LONDON (Reuters) - Three primary school age children in one English city reaped more than the usual harvest of sweets and chocolates on Halloween when they emptied their trick-or-treat goody bags and found several bags of cocaine.
On Monday, the man who had mistakenly handed out his cocaine stash to the children instead of candy was given a community service sentence in court, the Press Association reported.
Apprentice panel-beater Donald Junior Green fished in his pockets for a bag of chewy sweets to give to the youngsters at his door on Halloween, but instead pulled out a plastic pack containing eight bags of cocaine he had bought for 200 pounds earlier that day, Oldham Magistrates' Court heard.
He dropped the drugs into the goody bags carried by the three children, aged eight, six and five, who were out trick-or-treating escorted by their father, an off-duty policeman.

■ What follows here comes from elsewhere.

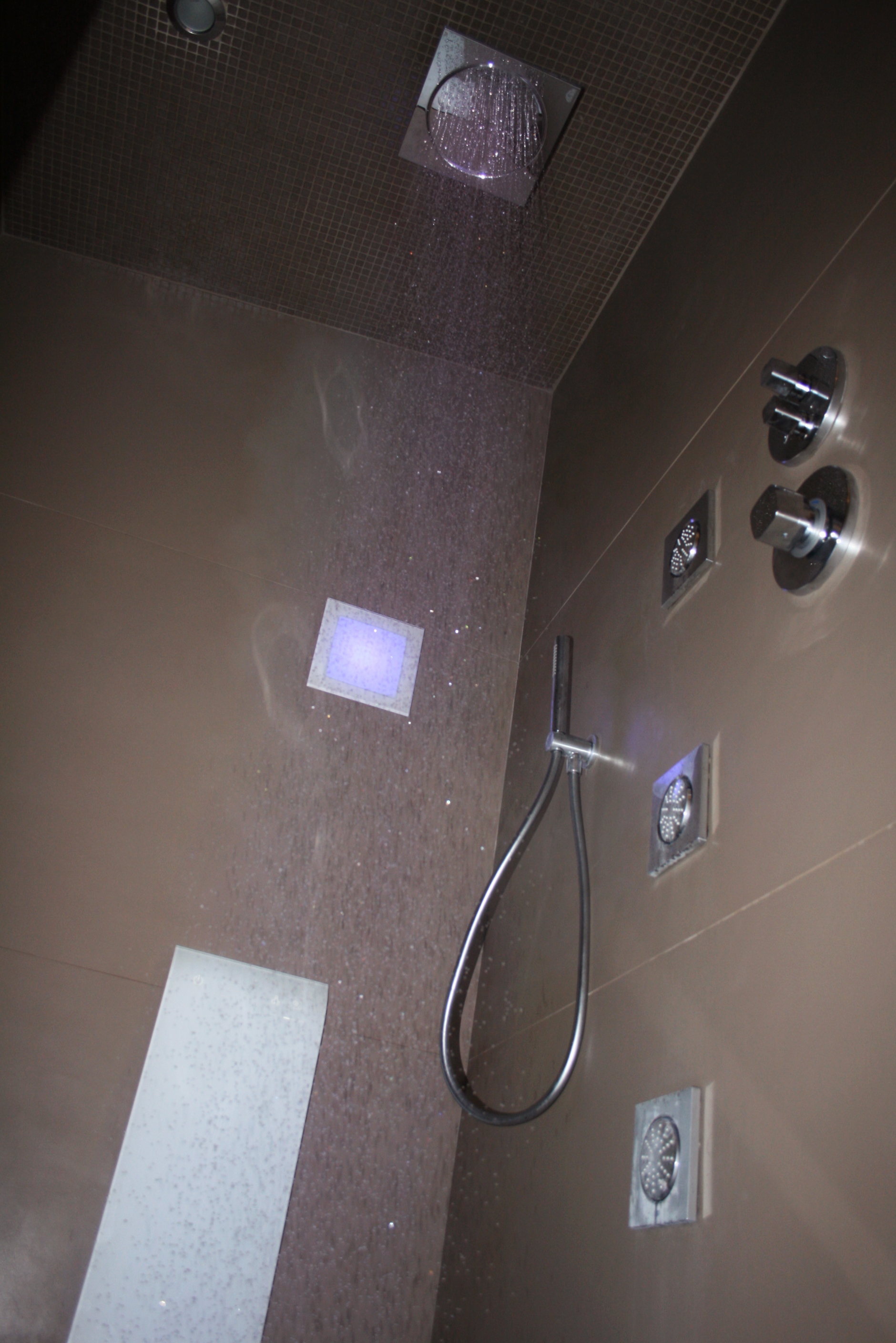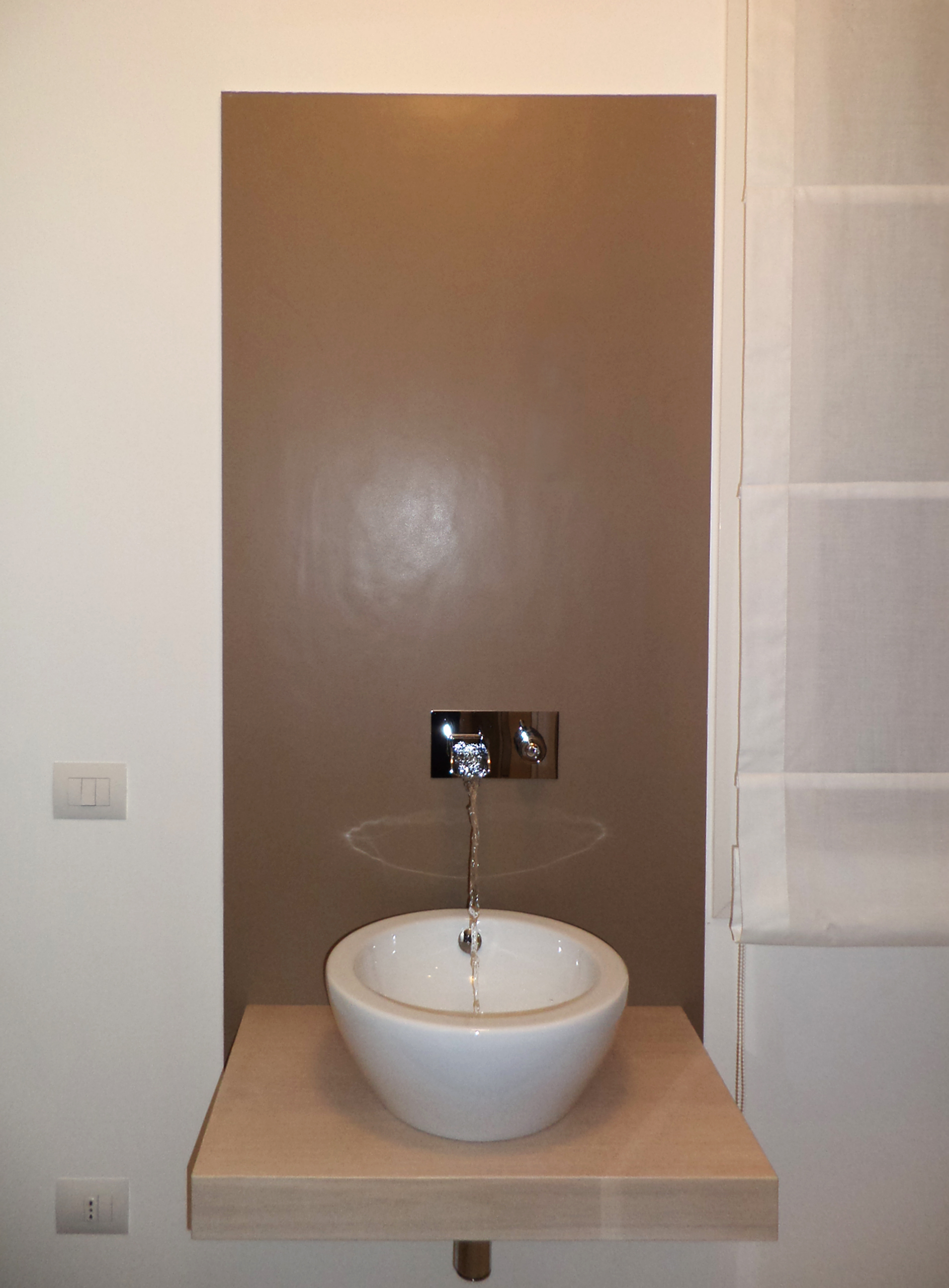 Altra punta d’eccellenza dell’appartamento è il bagno con zona relax dotato di bagno turco e vasca idromassaggio, qui dominano il color tortora ed il bianco.

The 23-year-old defendant then closed the door, went back inside the house and put his hand in his pockets to get out his drugs - but instead pulled out the sweets.
Green immediately realised what had happened and went on foot, then by car, scouring the streets of Oldham in northern England to find the youngsters.
But the officer, Pc Simon Fowell, had taken his children home and, as they emptied their bags to share the spoils, he spotted the drugs, and made a swift call to on-duty colleagues.